Spears isn’t the typical trafficking victim

Peters said Spears’ conservatorship is “one of those strange cases” that, to the public, resembles human trafficking. She pointed to John Geddert, the head coach of the US women’s gymnastics team that won the gold medal at the 2012 Summer Olympics who was said to have a harsh and abusive coaching style.

Geddert was indicted in state court in Michigan on 24 felonies, including 20 counts of human trafficking. The coach was accused of subjecting gymnasts to “forced labor or services by causing or threatening to cause physical harm.” He died by suicide before his prosecution.

Peters said there were questions in that case around whether Geddert’s alleged treatment of the gymnasts would have met more narrow federal standards for prosecution.

But most human trafficking victims in the United States are not pop stars or Olympic gymnasts, she said.

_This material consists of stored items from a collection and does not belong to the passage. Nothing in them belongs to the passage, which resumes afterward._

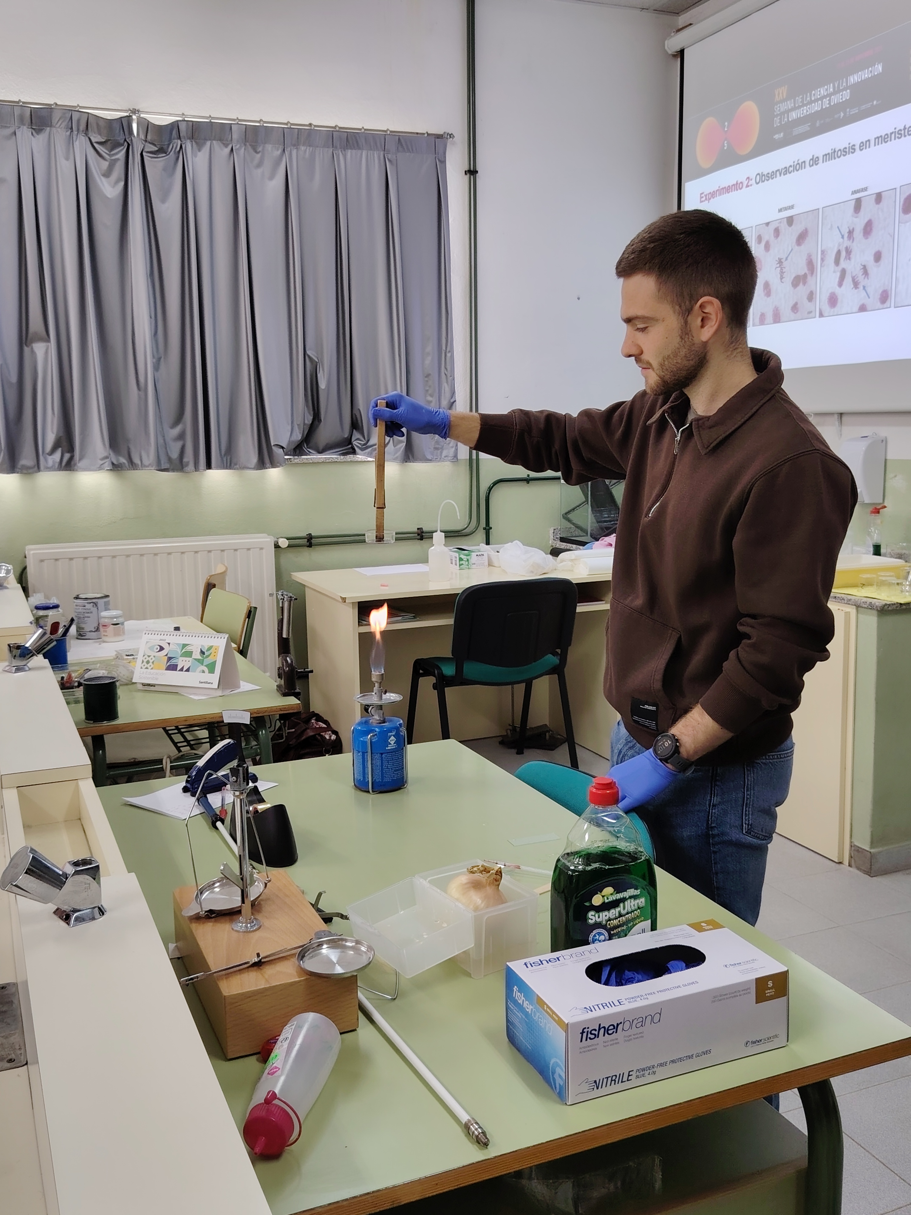 Por último, observaron cómo se tiñen los cromosomas de una cebolla en mitosis para, después, observarla al microscopio.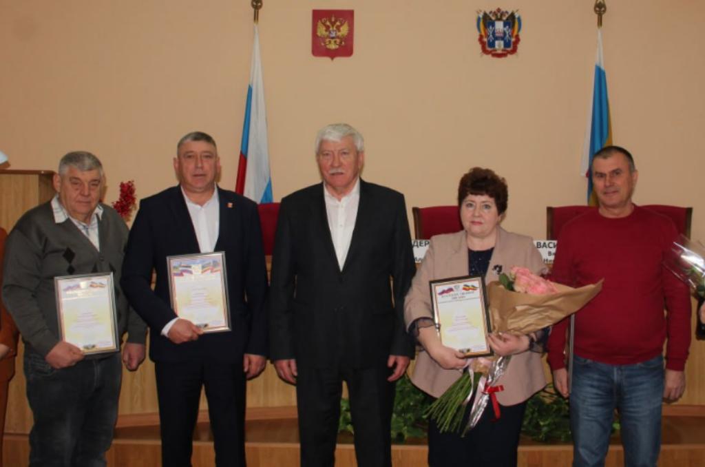 От имени Председателя Законодательного Собрания Ростовской области Александра ИЩЕНКО Вячеслав ВАСИЛЕНКО вручил поощрения донского парламента заслуженным работникам района.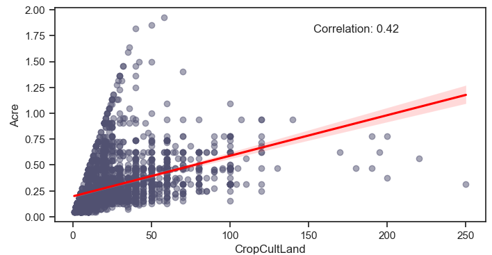 If this hypothesis is correct, the two should exhibit a strong linear relationship. However, this isn't the case. It's possible that "Acre" is a non-linear transformation of "CropCultLand" rather than a scaled version. Another possibility is that they originate from different data sources. Even if they're intended to represent the same information, discrepancies can occur due to the varied origins.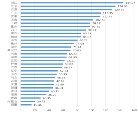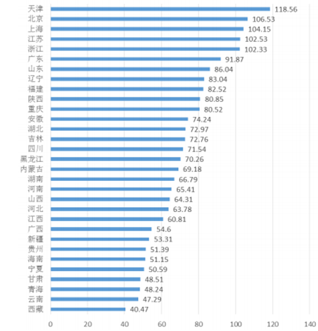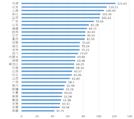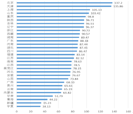 2015 年全國技術創新指數為 72.19,各省市技術創新指數情況如下圖所示。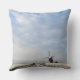 Photo throw pillow cushion with a minimalistic view on a winter landscape in Holland with a path and a canal towards a windmill under a layer of snow with nice clouds at sunrise in the dutch countryside.

People with precarious economic or immigration status are traditionally subjected to human trafficking, according to Peters. In these situations, she said, workers might take on an opportunity that is “somewhat risky,” and then the trafficker will hold the victim’s housing or immigration status over their head as a way to maintain control.

Spears told the judge Wednesday that she is not allowed to access her own money under her conservatorship. The Times reported that when she was earning millions from a successful residency in Las Vegas, she was limited to a $2,000 weekly allowance.

“That’s a key piece of this, that she doesn’t have access to her money,” Peters said. “You can correlate that to somebody whose passport is being held or their wages are being withheld to pay for their housing or their meal – like you would see in a more traditional kind of forced labor situation.”